Case contribution: Dr Radhiana Hassan
- A 70 years old male
- Active smoker since teenagers
- History of cholecystectomy for gallbladder stone about 20 years ago
- Presented with incomplete voiding and occasional hematuria for one month
- Also had loss of appetite and loss of weight
- Multiple rounded well-defined lesions are seen in both lung fields.
- These lesions are of varying sizes involving all zones of the lung.
- No cavitation or calcification within these lesions.
- No obvious bone lesion is seen in the visualized bones. No bone destruction.
- Abdominal radiograph shows previous surgical clips, otherwise no significant finding.
- Both kidneys are normal in position and echogenicity.
- There is moderate to gross bilateral hydronephrosis.
- The ureters are also dilated.
- The urinary bladder is empty with Foley’s balloon catheter in situ.

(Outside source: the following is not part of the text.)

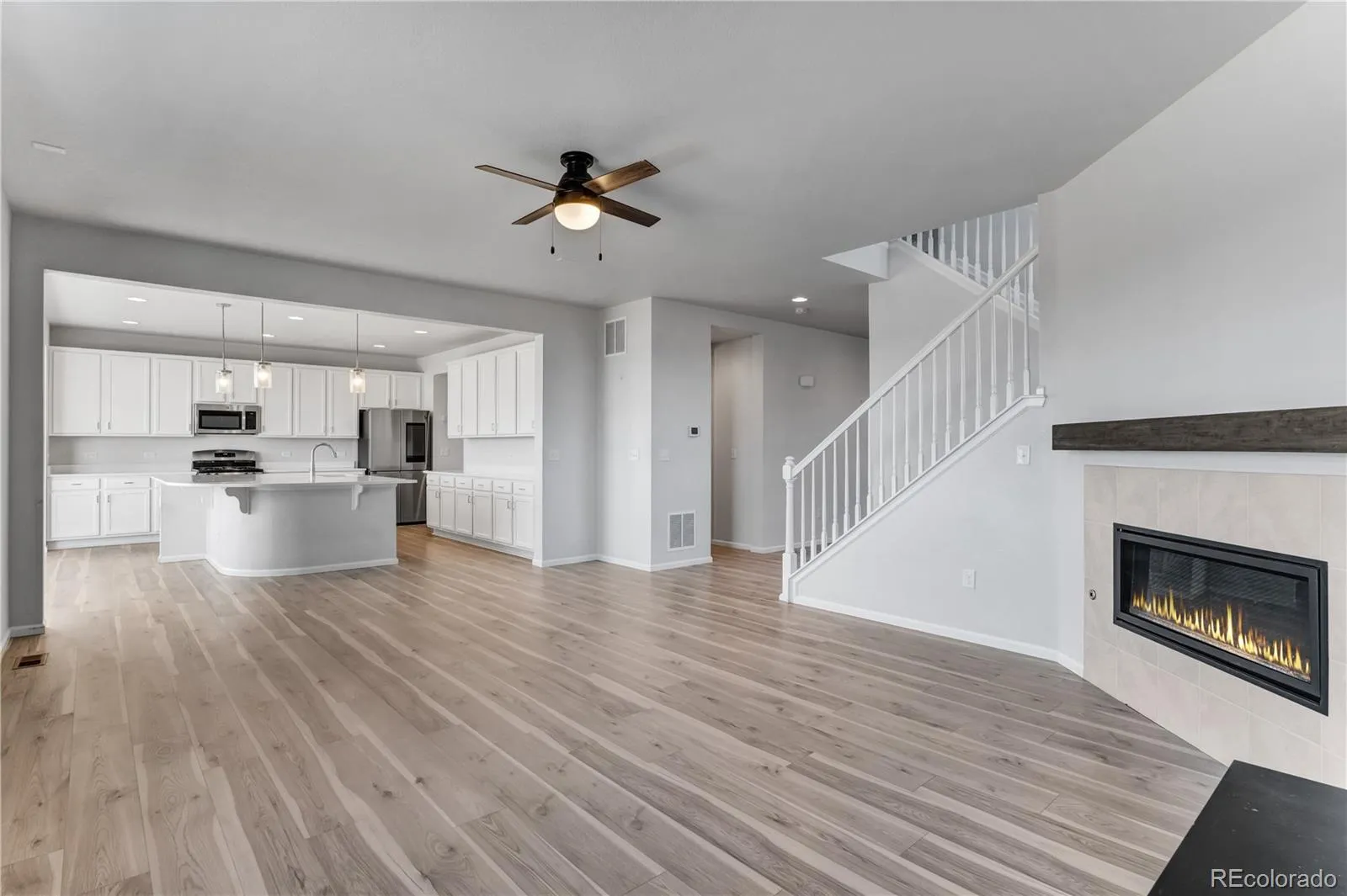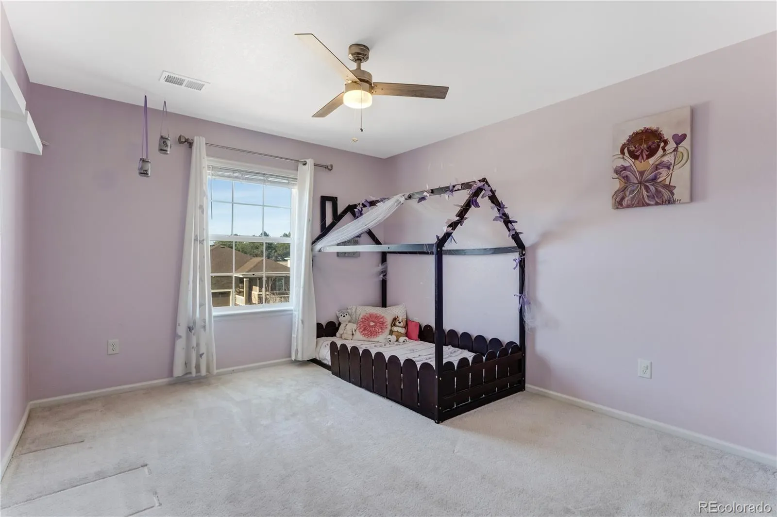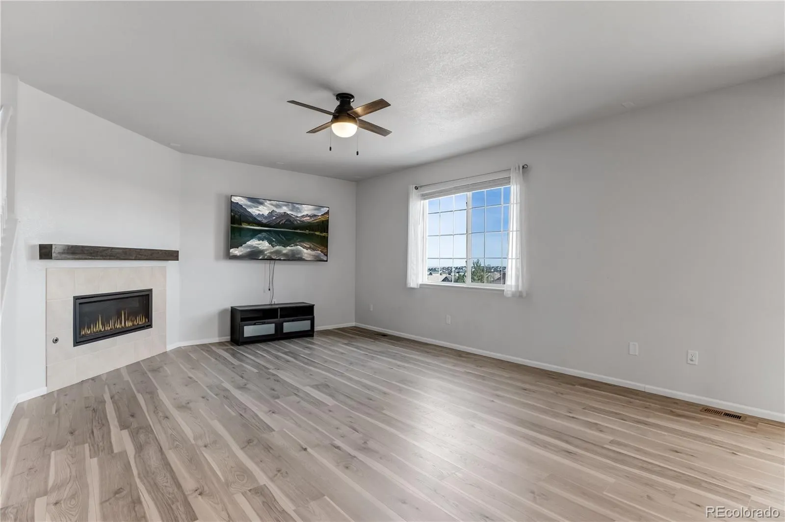 Located in Serenity Ridge within the highly sought-after Cherry Creek School District, stands this stunning 5-bedroom, 4-bath home. Showcasing mountain views from the second floor and serene views of the Aurora Reservoir, this home offers space, style, and modern efficiency. The open-concept layout features soaring ceilings and abundant natural light. The gourmet kitchen is equipped with white cabinetry, stainless steel appliances, a built-in gas stove, and an oversized island ideal for entertaining. A main-level office and cozy gas fireplace add comfort and functionality. Upstairs includes spacious bedrooms and a versatile loft, while the finished basement offers a large recreation area, additional bedroom, and full bath—perfect for guests or multi-generational living. Fully paid-off solar panels and dual HVAC systems ensure energy efficiency and year-round comfort. Conveniently located near Southlands Mall and E-470 for easy access to shopping, dining, and commuting.

- There is diffuse thickening of urinary bladder wall.
CT scan findings:
- The urinary bladder wall is grossly and irregularly thickened, which is better seen on delayed images (yellow arrows).
- Both VUJ and distal ureters are obliterated by the mass.
- Marked perivesical fat stranding is seen.
- Normal prostate and seminal vesicles are not visualised likely involved.
- Bilateral nephrostomy tubes are in situ.
- Liver is enlarged with multiple hypodense liver lesions within.
- Portal vein is patent.
- An ill-defined irregular non enhancing hypodense lesion is seen in uncinate process of the pancreas . This lesion abuts the medial wall of D2 segment of the duodenum. The rest of the pancreas is normal.
- Both adrenal glands, spleen and bowel loops are normal.
- Multiple aorto-caval and paraaortic nodes are observed.
- Multiple irregular heterogeneous masses are scattered in both lungs. The largest lesion is seen in the posterior basal segment of the right lower lobe .
Progress of patient:
- CE: huge tumour in the bladder
- TURBT: HPE shows high grade carcinoma
- Bilateral nephrostomy and internalization of both ureters done
- His condition worsened, had AKI secondary to obstructive uropathy
- Family opted for palliative treatment
Diagnosis: Cannonball lung metastases from high grade urinary bladder tumour
- Cannonball lung metastases refers to multiple large, well-circumscribed, round pulmonary metastases like cannonballs
- Metastases with such appearance are classically secondary to renal carcinoma and choriocarcinoma. Other primary include carcinoma of prostate, endometrium, synovium and adrenal.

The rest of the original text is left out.